To access the elements of a list we use indices, the numbered positions of elements in the list. These positions are numbered starting at 0, so the first element has an index of 0. Python has made it easy to count backwards as well: the last index can be accessed using index -1, the second last with -2 and so on.

0-Based Indexing!

If you have used other coding languages, such as R, you may notice that different programming languages start counting from different numbers. In R, you start your indexing from 1, but in Python it is 0. It’s important to keep this in mind!

print('First element:', my_list[0])
print('Last element:', my_list[-1])
print('Second last element:', my_list[2])
print('Also second last element:', my_list[-2])
First element: 1
Last element: True
Second last element: 3.0
Also second last element: 3.0

Strings also have indices, pointing to the character in each string.
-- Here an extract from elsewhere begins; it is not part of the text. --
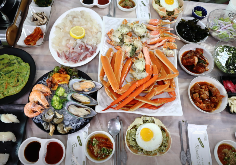 이곳은 단새우 요리 외에도 대게, 활어회, 물회 등 다양한 해산물 요리로 유명합니다. 커플 스페셜 메뉴는 대게와 회, 미니 물회가 포함되어 있어 커플들이 함께 즐기기 좋은 세트 구성이라고 해요. 가격은 17만 원부터 시작하며, 대표 메뉴인 대게궁 스페셜은 27만 원으로 더욱 풍성한 구성을 자랑합니다. 대게뿐 아니라 광어, 우럭, 참돔 등 다양한 생선회도 준비되어 있어, 해산물을 다양하게 즐길 수 있는 것도 큰 장점입니다.

These work in the same way as lists.

print(first_name)
print(first_name[0])
Loki
L

However, there is one important difference between lists and strings: we can change values in a list, but we cannot change individual characters in a string. For example:

print(my_list)
my_list[0] = 'changing the first element!'
print(my_list)
[1, 'two', 3.0, True]
['changing the first element!', 'two', 3.0, True]

will work. However:

print(first_name)
first_name[0] = 'N'
Loki
---------------------------------------------------------------------------
TypeError                                 Traceback (most recent call last)
Cell In[10], line 2
      1 print(first_name)
----> 2 first_name[0] = 'N'

TypeError: 'str' object does not support item assignment

Will throw an error.

Mutable vs Immutable

Data which can be modified in place is called mutable, while data which cannot be modified is called immutable. Strings and numbers are immutable. This does not mean that variables with string or number values are constants, but when we want to change the value of a string or number variable, we can only replace the old value with a completely new value.

Lists and arrays, on the other hand, are mutable: we can modify them after they have been created. We can change individual elements, append new elements, or reorder the whole list. For some operations, like sorting, we can choose whether to use a function that modifies the data in-place or a function that returns a modified copy and leaves the original unchanged.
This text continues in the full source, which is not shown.